Watch out for the smelly pile of despair; most of us seem to have one foot in anyway.

Randomizing The Brothers Karamazov

From Jon Carroll’s column in yesterday’s San Francisco Chronicle, wherein Jon describes a recent road trip he took with his wife and what they listened to:

Listening: We took our iPod along for the ride. We loaded it with 700 of our favorite songs, we selected the “random” option, and we let fate choose our music, Diana Krall followed by Mavis Staples followed by Waylon Jennings. We also downloaded some non-music: Adam Gopnik at the Commonwealth Club, David Sedaris at Carnegie Hall and, because we knew we’d never read it any other way, “The Brothers Karamazov.”

“The B.K.” is a very long book — Dostoevsky never uses one adverb when three will do — and is interspersed with long speeches about the existence of God and the meaning of consciousness. My mind tended to wander in the soft hum of the highway, so sometimes I was confused as to who was speaking to whom. The book is about the activities of about 10 people in the same Russian town, so there aren’t a lot of signposts for the inattentive listener. Still, I was liking it.

“Isn’t it interesting,” I said to Tracy, “how experimental this seems for a 19th century novel? Notice how everyone talks about Dimitri, but we never actually see him.”

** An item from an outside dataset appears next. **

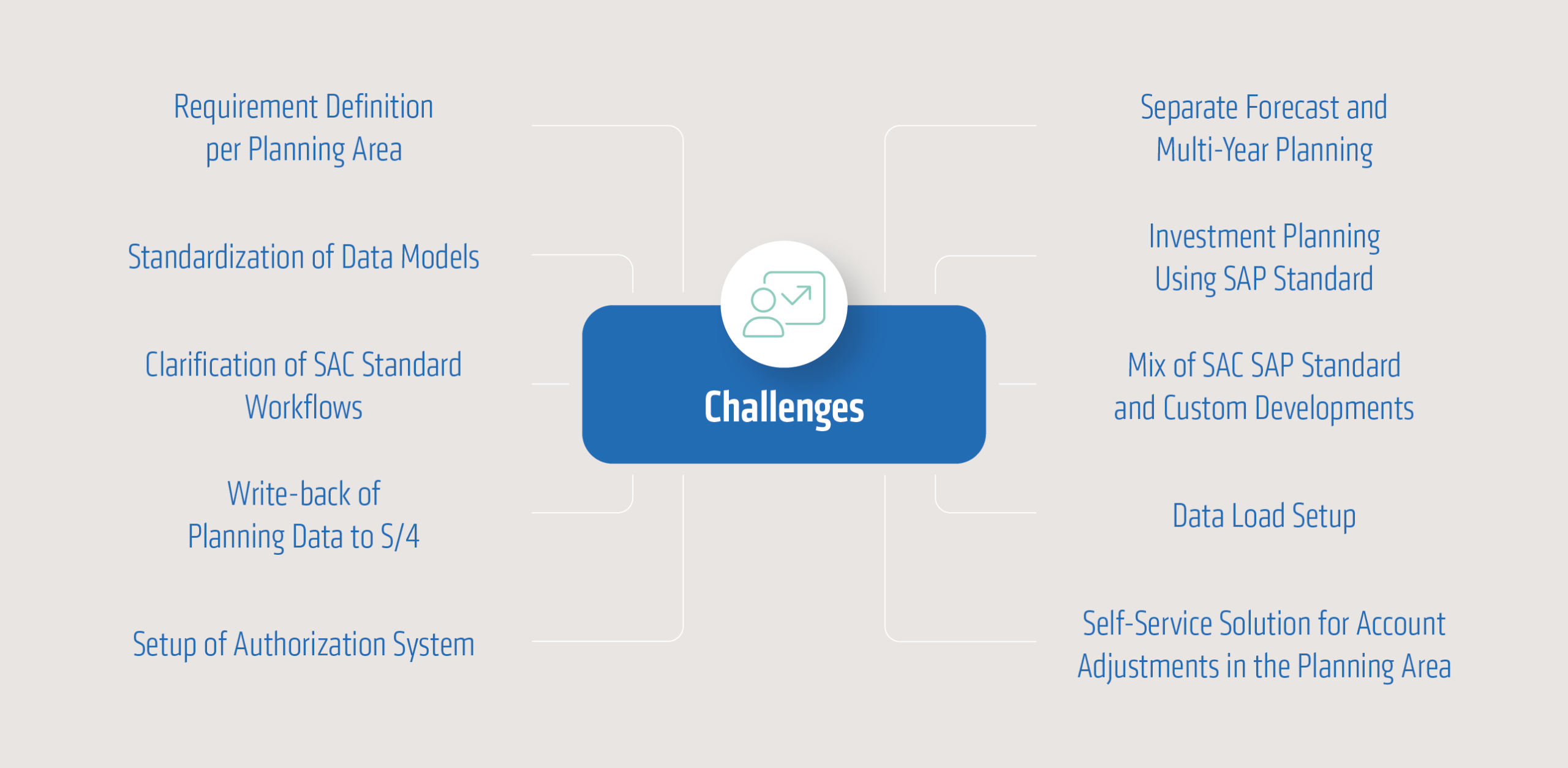 In the workshop-based analysis of customer requirements, each of the aforementioned planning areas was discussed, defined at the field level, and analyzed and documented with regard to specific requirements. A particular challenge was to integrate the different requirements of quarterly-based forecast planning for the next planning year and multi-year planning for the next five years into a single solution.

It was not until Pennsylvania that we realized that we had neglected to turn off the “random” feature of the iPod, so we were getting chapters in arbitrary order, the plot entirely in the mischievous hands of fate.

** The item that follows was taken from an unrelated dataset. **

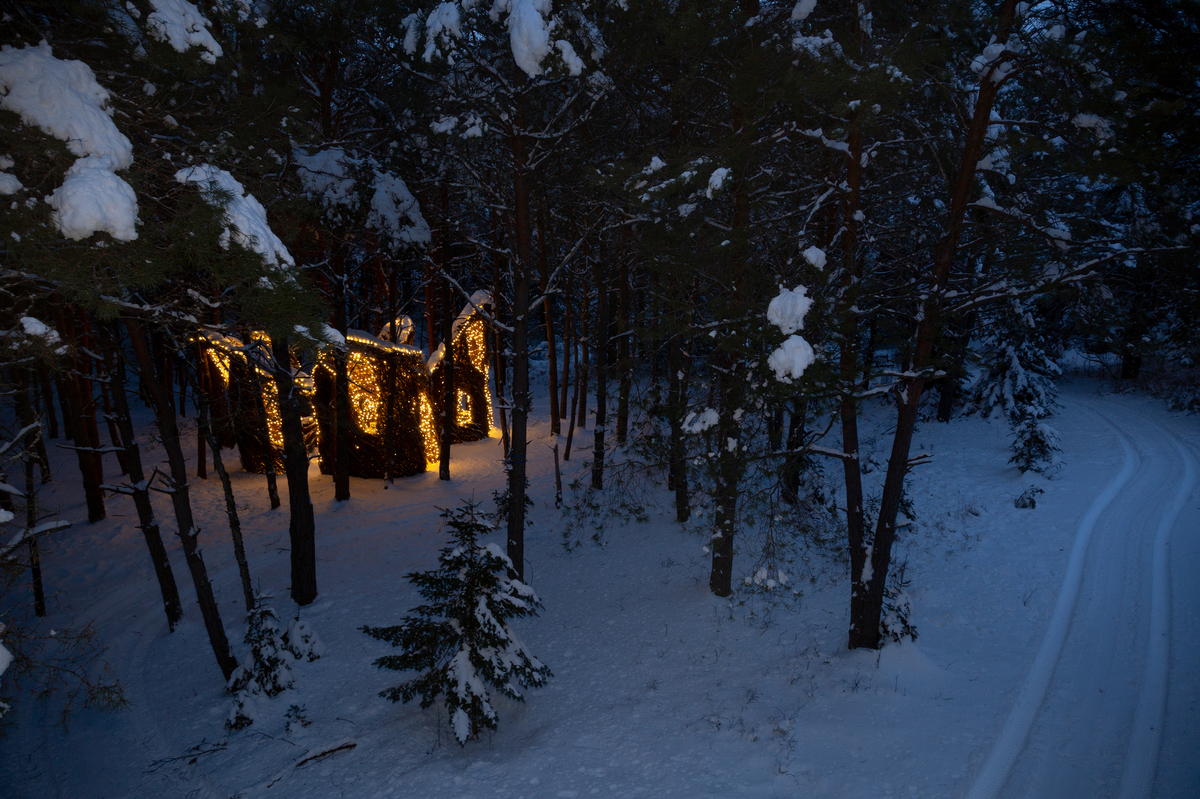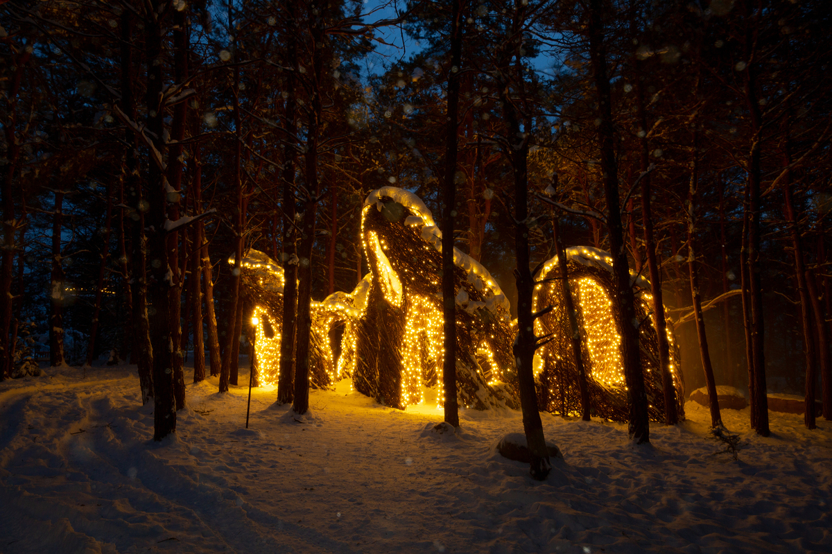 A sculptor has woven branches and twigs into what looks like a big beautiful nest, covered in snow and decked in more white bulbs.

We loved the part at the beginning, where everybody died.

Hello, I Must Be Going

Groucho Marx, as Captain Jeffrey Spaulding, in Animal Crackers (1930):

Spalding (speaks): Well I’m certainly grateful for this magnificent washout, eh, turnout, and, eh,
now I’d like to say a few words…
(sings) Hello, I must be going.
I cannot stay, I came to say I must be going.
I’m glad I came, but just the same I must be going.

Mrs. Rittenhous: For my sake you must stay.
If you should go away, you’ll spoil this party I am throwing.

Spalding: I’ll stay a week or two.
I’ll stay the summer through.
But I am telling you that I must be going.

Mrs. Rittenhous: Before you go will you oblige us
and tell us of your deeds so glowing?

Spalding: I’ll do anything you say.
In fact, I’ll even stay!

All: Good!

Spalding: But I must be going.

Sings About Not Remembering

My brother Jack just emailed me this:

A Native American elder was asked to sing the old hunting songs for a documentary. But he doesn’t remember the words and instead sings about not remembering the words and about being filmed.

He says he got it from an LA Times about ten years ago. I couldn’t find any references to this online, but it might be a Laurie Anderson story. Sounds like one.

Anyway, I like it a lot. Seems to capture quite well our media mad culture. And even though I can’t remember the source, I’ll sing about it.

Croatian Advertising Leaflet

A funny bit from a Croatian tourist leaflet in a Jon Carroll column from 1999:

IN OTHER NEWS: Reader Bill Coffin shared with me a lovely advertising leaflet from Croatia. It began with a quote from Alain Dover, a person known neither to Coffin nor me:

“During the day, into an incomparable marine scenery, which is a live and genuine ‘pastime’. When the stars come closer by, a sweet fragrance is gently touched by the saltish of the surrounding seawaters: ‘lovers do vibrate’ while the mermaids lull a song into this marvelous ancient sea.”

Almost Prufrockian, isn’t it? But there’s more:

“As the Alain Dover’s rhyme says (the artists wanted to stop at the legendary ‘Capri’ restaurant). An ambiance genuine plus full of life. Among the joyful people’s whispers, large and equipped rooms, verandah by the sea within restaurant, fragrances and flavours made of an enchanting cuisine and pizzeria . . . (Not to be forgotten, prices are contained toward rigorous quality, thanks to a smart management) . . .

“At the evening, a slender smooth music discreetly is played when the moonlight beams out. Saturday night ‘dance.’ Trustfully recognized under every profile.”

Slender music! Fragrant stars! I’m so there.

One can only imagine the ambiance of the joyful people’s whispers at the Saturday night “dance.”